Judge John Rufe sentenced Inglesby to three months to 23 months of house arrest, followed by three years' probation, on three felony counts of theft and one felony count of credit-card fraud. 

The judge also ordered Inglesby to pay more than $37,000 in restitution - $24,707 to the church, $10,000 to an insurance company that covered some of the losses and $2,786 to the issuer of one of the cards, MBNA. Inglesby also was ordered to undergo a psychiatric evaluation.

A church official said in a letter read in court that the losses have harmed Woodside's programs and delayed essential purchases. 

Inglesby worked as a receptionist at the church in Yardley, PA, from June 1992 to last year, when church elders uncovered the thefts. 

Between January 1998 and August 2001, Inglesby misused church credit cards and opened new accounts to obtain clothing, jewelry, household items, cash advances and mail-order Victoria's Secret lingerie, according to court records.

Records for that period show that Inglesby made purchases of $9,663.82 on credit accounts she opened without permission in Woodside's name at Lowe's Home Improvement Warehouse, Wal-Mart, Sam's Club and MBNA Bank. The purchases included dog food, rugs, toilets, furnace filters and jewelry.

Inglesby also made unauthorized purchases totaling $6,950.55 on church-approved cards to obtain such items as a lawn mower and home electronics from Builders Square and Home Depot. She also bought several computers on the church's account at Staples, keeping some for herself and "donating" others to the congregation.

In addition to misusing church credit cards, Inglesby cut herself three extra paychecks totaling $3,408 between January and May of 2001, according to court documents, and cashed more than $20,000 in church checks for personal use, claiming to have used the money for postage.
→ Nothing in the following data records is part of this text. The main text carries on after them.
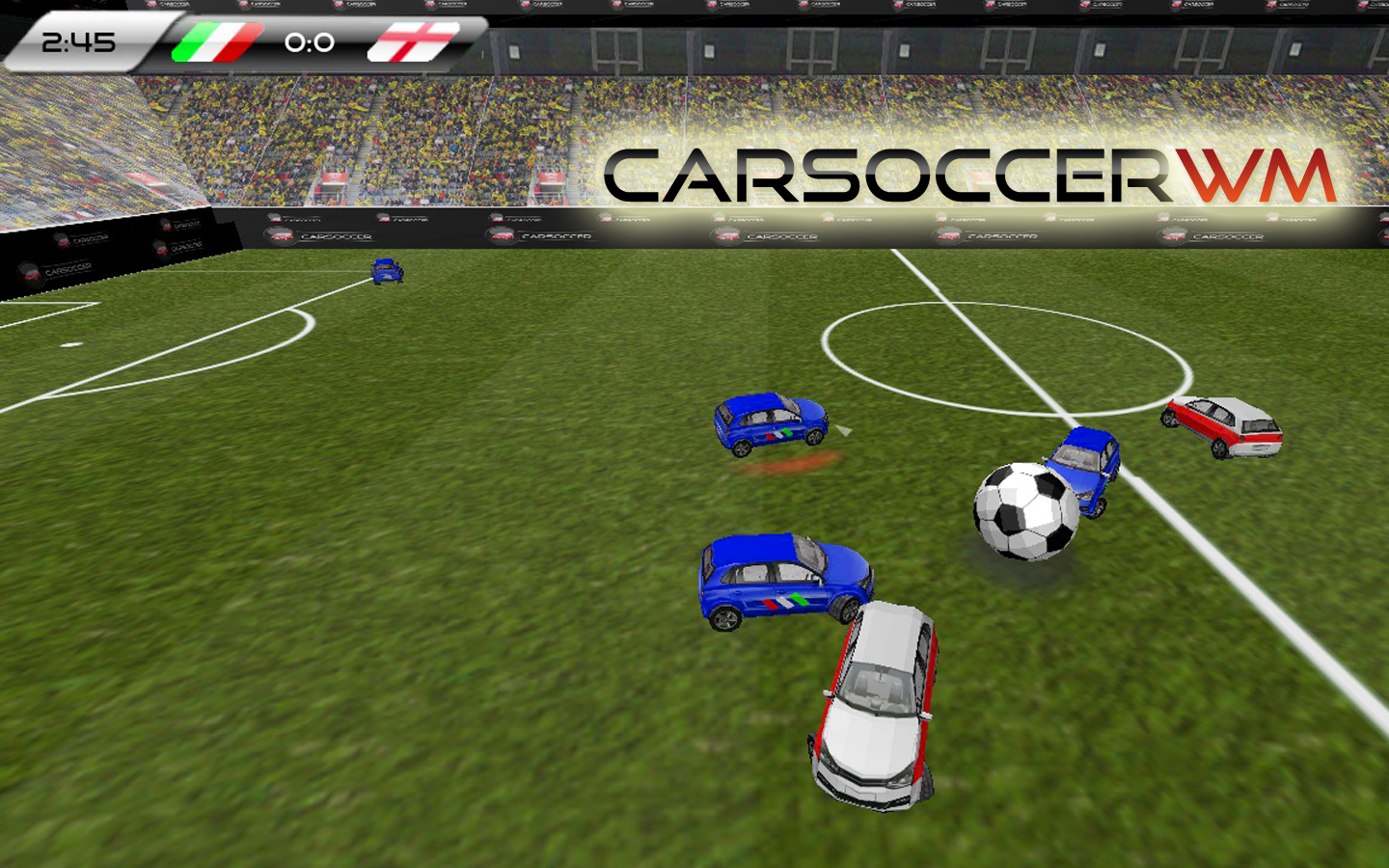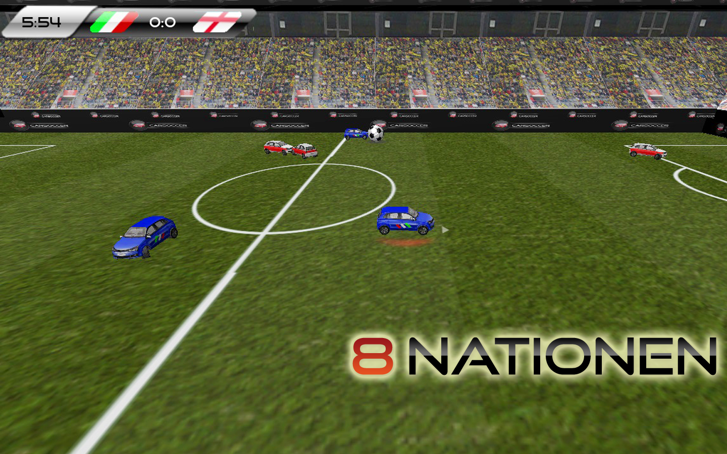 Pure Soccer! Forget about Lionel Messi, Christiano Ronaldo or Manuel Neuer! New Heros will be born on this soccer field. You can choose one out of 8 nations and you will try to arise from these to gain the title "carsoccer world champion". Play as Germany, Spain, USA, France, England, Argeninia, Brasil or Italy and show us all that your are the one.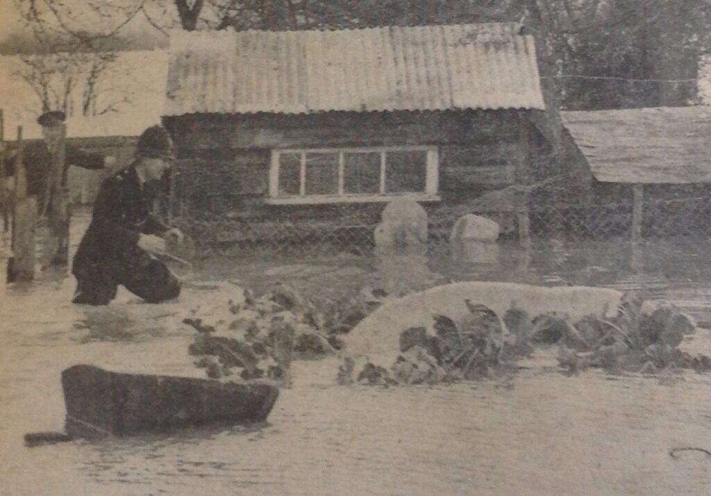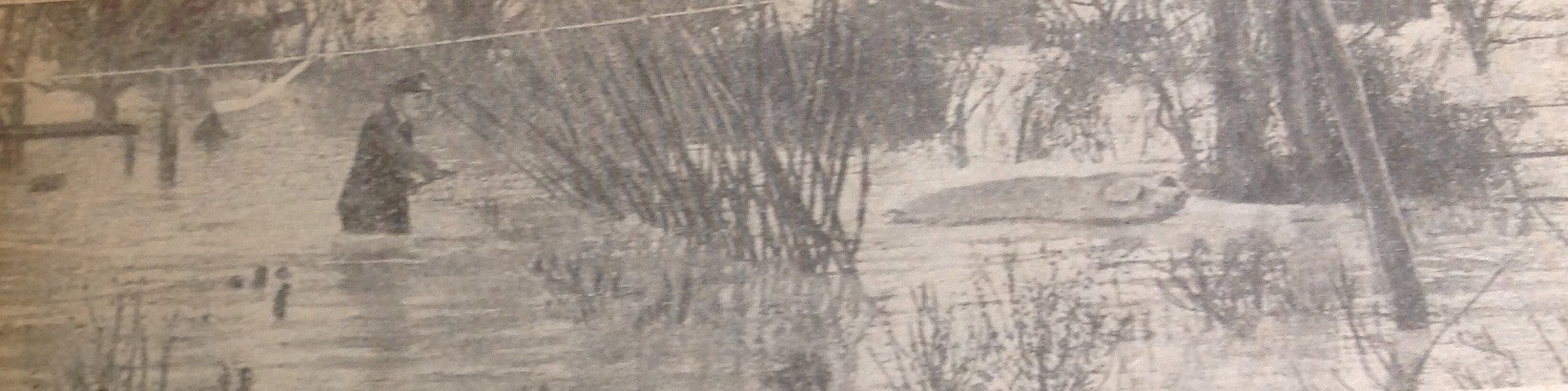 There was of course a gritty and serious side to Derek’s work, but in other aspects, there was often a quiet humour that underpinned a lot of his news reportage. It remains a delight. He told one of his prot’eg’es never to go out hunting for a scoop. Instead, allow the scoop to come to you. I was thinking about this when I came across these photos from his exhaustive albums full of cuttings. As much as the hop season comes around year after year, the return of flooding was almost another certainty. Another hardy annual. I know from my years of working on local papers, flooding always meant lots of opportunities to fill newspapewr space. And so it must have been when Derek arrived in Willersley in 1960 to take routine pictures of the River Wye breaking its banks and flooding the village. But then Lulu the pig changed everything. The much-loved family sow went walkabout/swimabout in the floods and two stalwarts, one a police constable and the other an officer from the RSPCA, wade into the cabbage patch, where Lulu finds her swimming trotters and swims away, oblivious to the drama that surrounds her.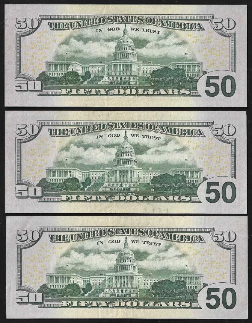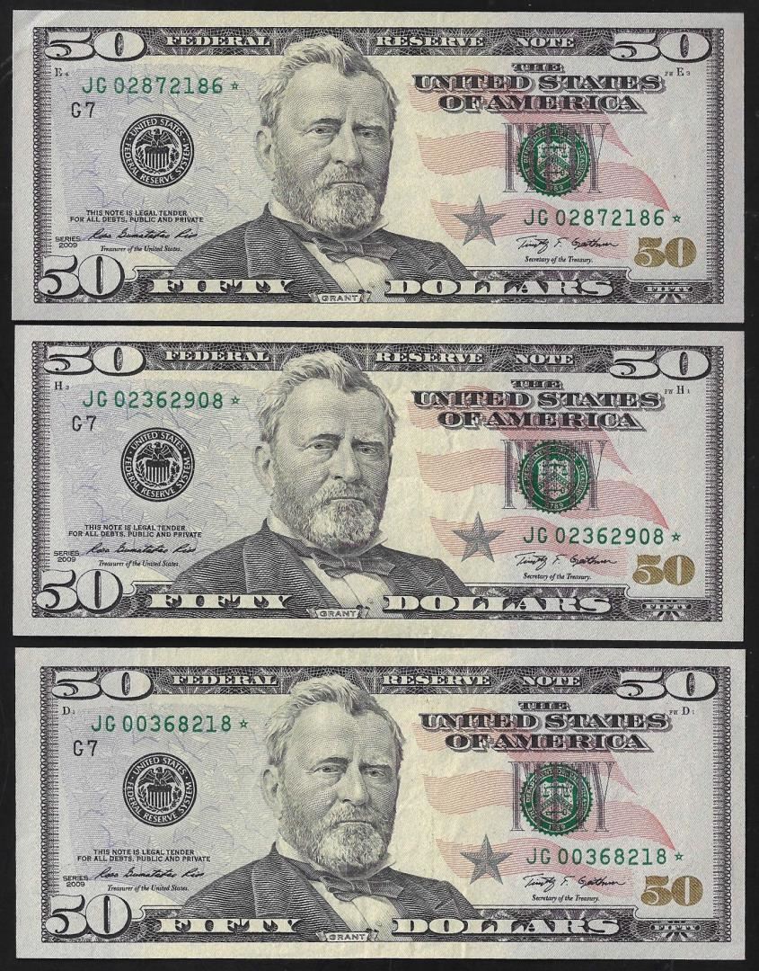 Lot of (3) 2009 $50 Federal Reserve Star Notes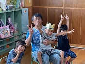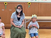 子どもたちは午前中、園庭に飾られた七夕飾りを見て回り、私もそれぞれの願い事を読ませてもらいました。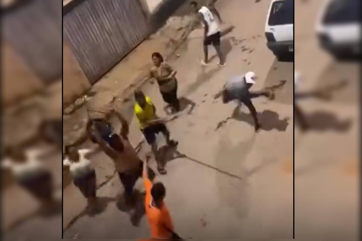 Churrasqueira e facão: homem é espancado por 5 pessoas no meio da rua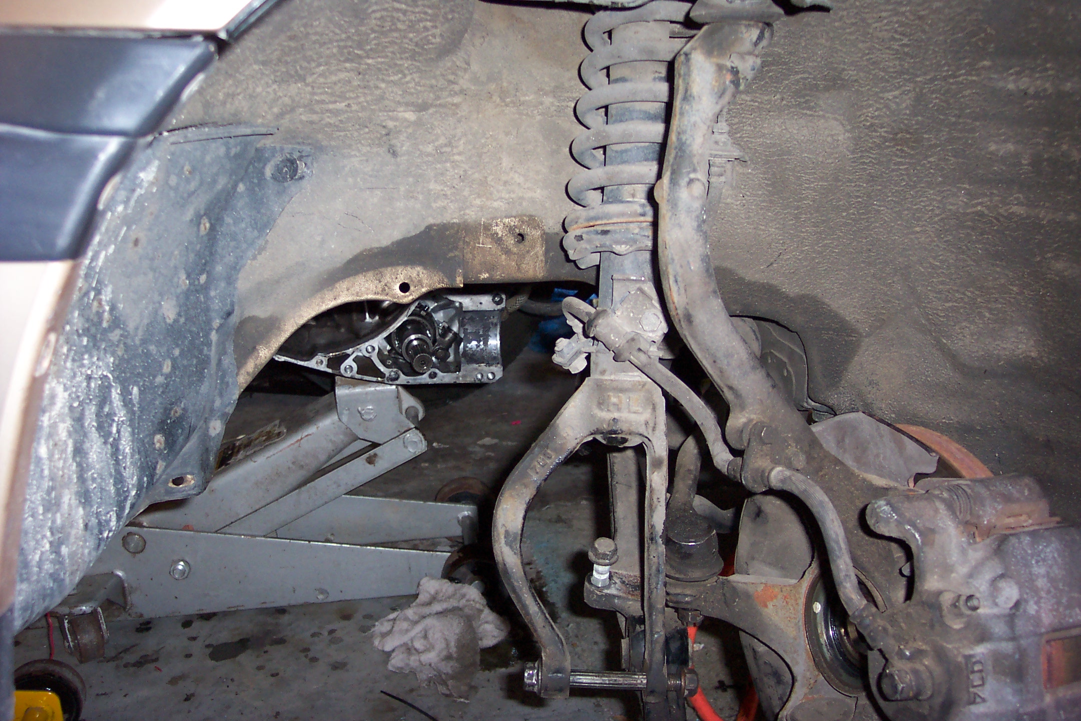 The problem is that Nathan originally installed the motor and the tranny together, from the top with a hoist. We don't have a hoist, so we want to drop it out the bottom.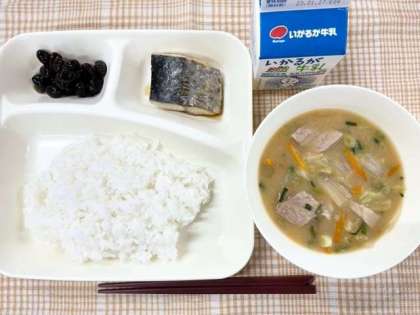 今日の献立は、ごはん・さごしのしょうゆだれかけ・みそ汁・黒豆の煮もの・牛乳です。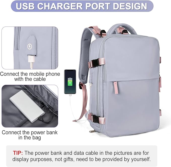 - 【USB PORT DESIGN】 This backpack has a USB charging port, which can be connected to a power bank inside the bag, and a cell phone connected to the outside of the bag through a data cable, allowing you to charge your cell phone or iPad while walking, reducing the burden on your hands and avoiding miss information. Please note that the backpack does not come with a power bank and data cable, it is only for the convenience of mobile phone charging.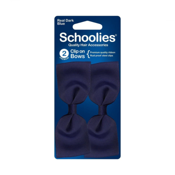 Kẹp Nơ Màu Xanh Dương Đậm, Clip On Bows, Real Dark Blue, 2 Cái - SCHOOLIES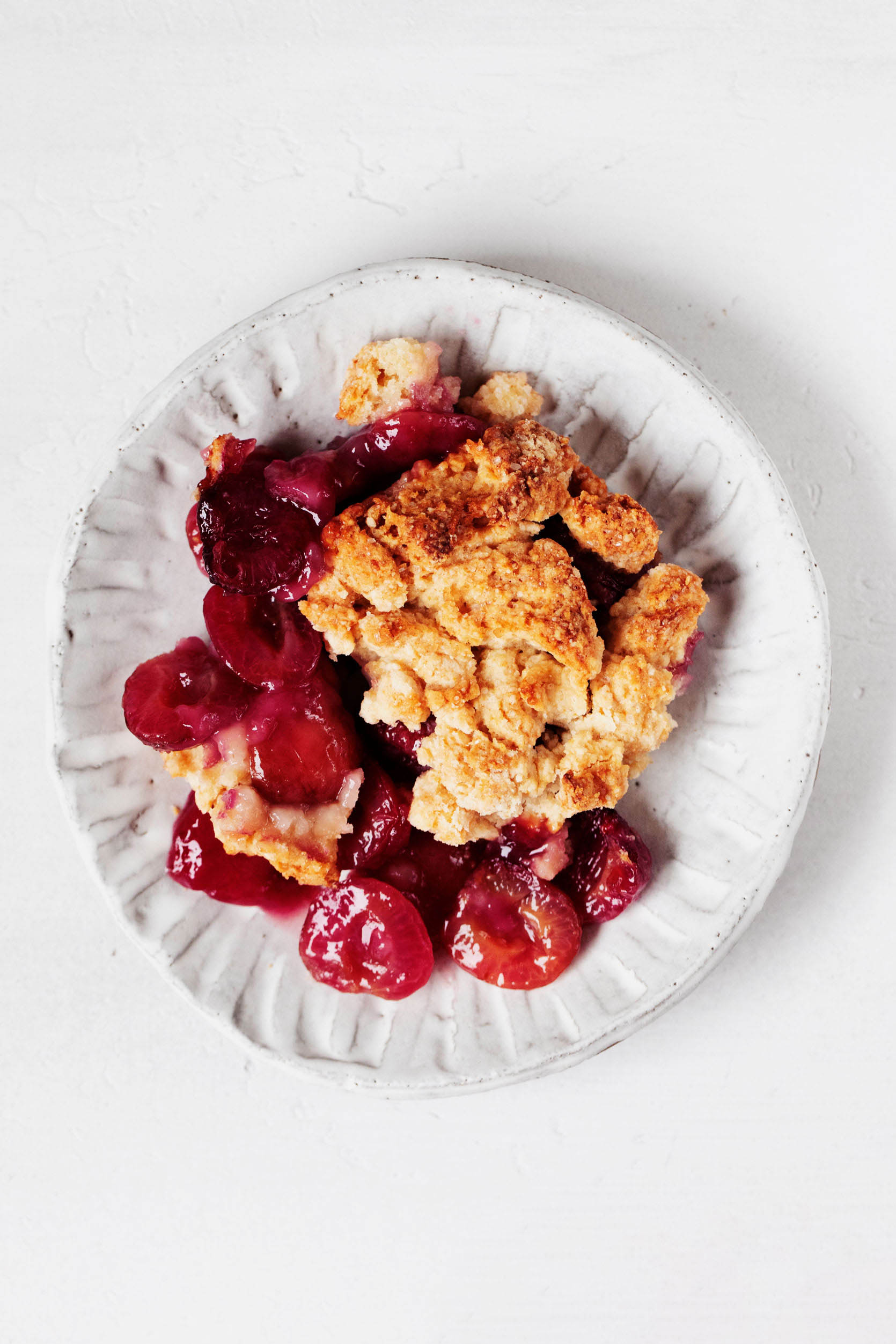 This vegan cherry cobbler uses dark sweet cherries for a beautifully juicy filling! Topped with a rustic biscuit crust that’s easy to make.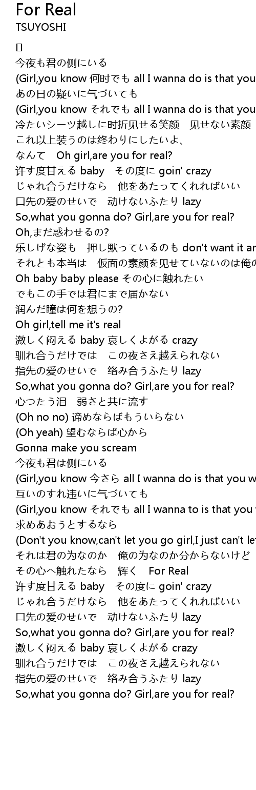 | (Girl,you know それでも all I wanna to is that you wanna do) | |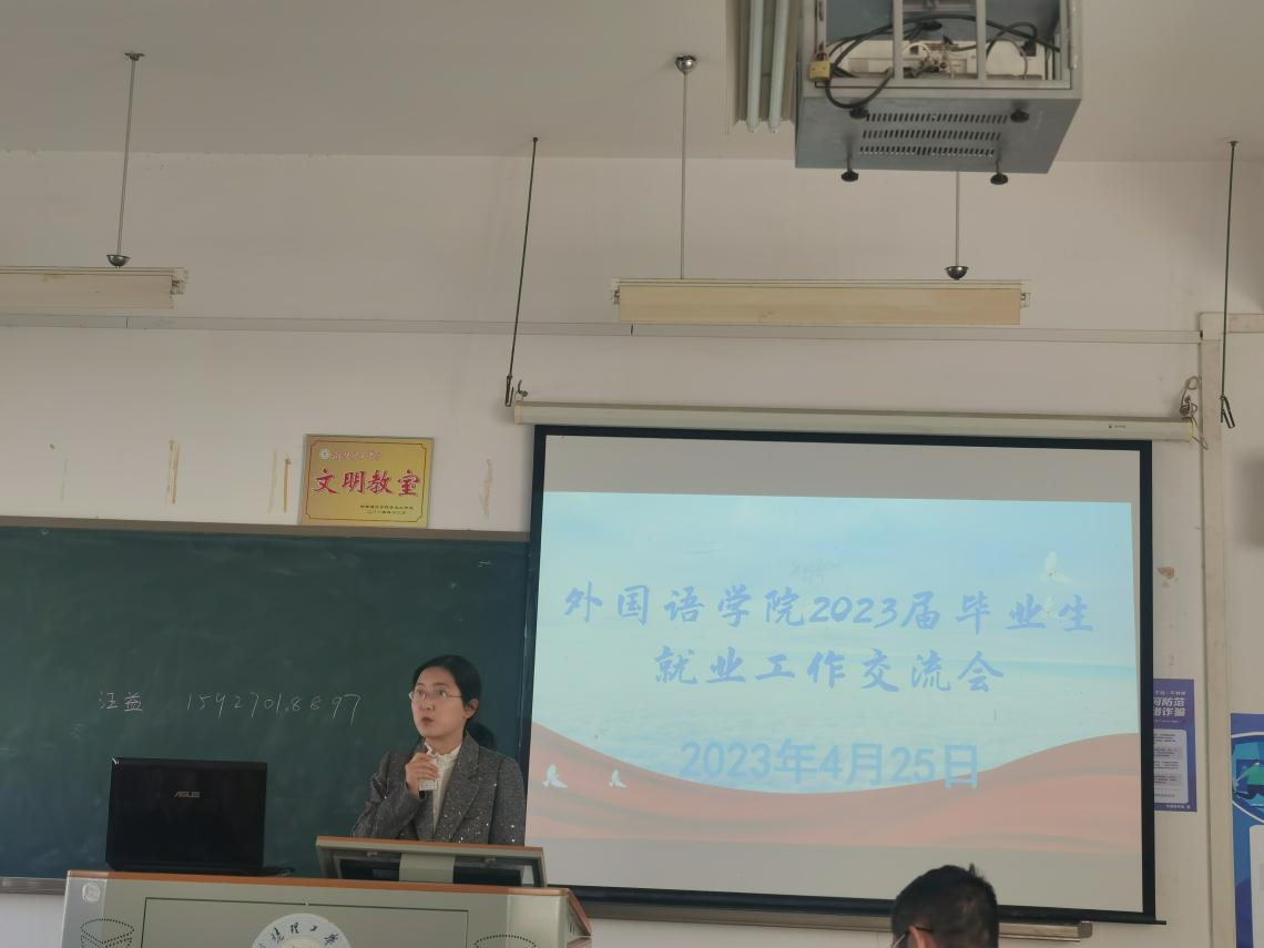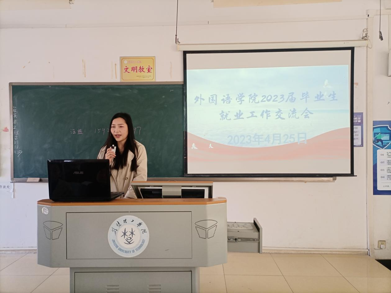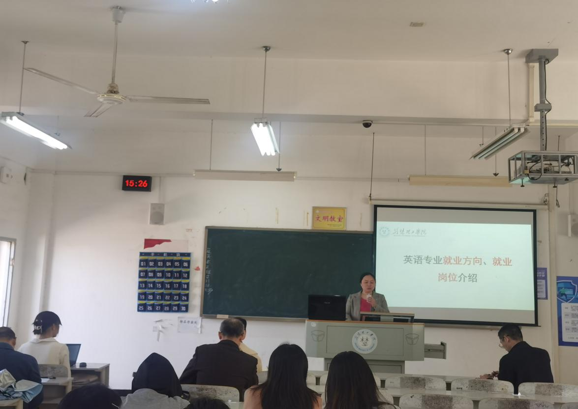 英语专业负责人罗倩黄音频和商务英语专业负责人分别就专业就业方向和就业岗位选择进行分析和指导。就业指导教师代表、优秀员工代表及2023届毕业生代表分别结合工作实际、求职经历一一进行发言。
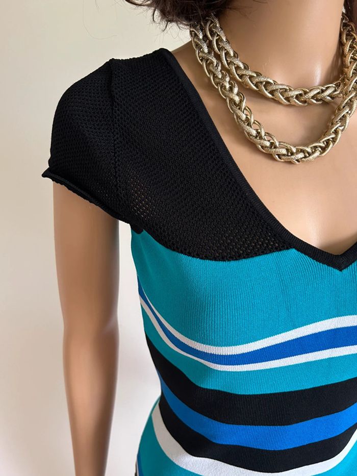 Magnifique robe rayée turquoise noire et blanche, à manches courtes, de marque Morgan. Taille S. Jamais portée, état neuf. aisselle à aisselle 38 cms à 47 cms épaule à épaule 30 cms à 36 cms taille 34 cms à 40 cms longueur depuis épaule 89 cms Le tissu est extensible Étiquette intérieure de composition coupée Le prix reste négociable dans la limite du raisonnable. Un petit cadeau dans le colis 🌸 (Boîte 36)

She also purchased $3,606 in unauthorized items from other local businesses.

She was arrested in May after a nine-month police investigation. 

The Rev. Douglas C. Hoglund, Woodside's pastor, declined to comment. It was a surprise phone call to Hoglund from Sam's Club last Aug. 29 that eventually led to Inglesby's arrest. The caller said the church was four months behind on payments on a Sam's Club account in the church's name and had a balance of about $1,000. Hoglund learned that the account had been opened in July 1999, and that the authorized signature was Inglesby's.

Two days later, the pastor got a letter from Staples indicating that Woodside owed more than $4,000 on merchandise Hoglund knew had not been bought by the church, which typically buys office supplies from another company.

On Sept. 2, Hoglund called a meeting of the church session on the matter, and the session decided to investigate further. Church officials went through a dumpster and office garbage cans, discovering shredded bills and late notices from accounts Inglesby had unlawfully opened.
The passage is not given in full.